Horibe
Horibe Yasubei Taketsune, conocido también simplemente como Horibe, es recordado como uno de los más célebres de los 47 rōnin. Su historia está ligada a la célebre venganza de Akō, un episodio del Japón feudal que marcó profundamente la cultura samurái y dio forma al ideal del bushidō. En esta reinterpretación visual, Horibei aparece como un guerrero atemporal, envuelto en un aura de solemnidad que recuerda tanto su disciplina como su destino.

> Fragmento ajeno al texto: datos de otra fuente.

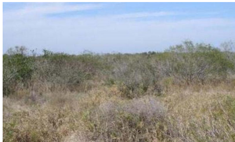
Figure 17. 2.2 Woodland Community

In the absence of fire and brush management, a highly stable woodland develops as shrubs and trees increase in abundance and coalesce. This phase of the Shrubland Complex (2) features a woody shrub canopy greater than 50 percent. Blackbrush, leatherstem, condalia species, mesquite, and the other acacia species may begin to die due to natural causes, leaving a diverse mixed-shrub community. Ground cover and herbaceous production beneath shrub canopies is minimal, but soil organic carbon and nitrogen levels are enhanced. Due to the increase in shrub cover, more nutrients are used by the shrub cover than the herbaceous plants. Forbs and legumes tend to persist on the site, but in this deteriorated condition palatable perennials are replaced by a wide variety of annual forbs. Shortgrasses such as red grama, hairy tridens, gummy lovegrass, and red lovegrass may be the only species present.

El nombre de Horibe trasciende el tiempo porque encarna los valores de honor, lealtad y sacrificio. En los relatos clásicos, se lo describe como un espadachín talentoso, valiente y de carácter firme. Su participación en la revuelta de los 47 rōnin convirtió su figura en un símbolo inmortal de la justicia samurái. La historia, popularizada en teatro kabuki y en grabados ukiyo-e de artistas como Utagawa Kuniyoshi, consolidó la imagen de Horibe en la memoria colectiva de Japón.
La presente obra rinde homenaje a esa tradición, recuperando la figura de Horibe y trasladándola al presente con un estilo gráfico que conserva la intensidad dramática de sus orígenes. Cada trazo busca transmitir no solo la estética marcial del samurái, sino también el trasfondo humano que lo convirtió en leyenda.
Horibe no es solo un nombre del pasado: es un recordatorio de que la lealtad y el honor son valores universales que trascienden épocas y fronteras. Con esta pieza se celebra la permanencia de su legado, conectando la historia del Japón feudal con una mirada contemporánea.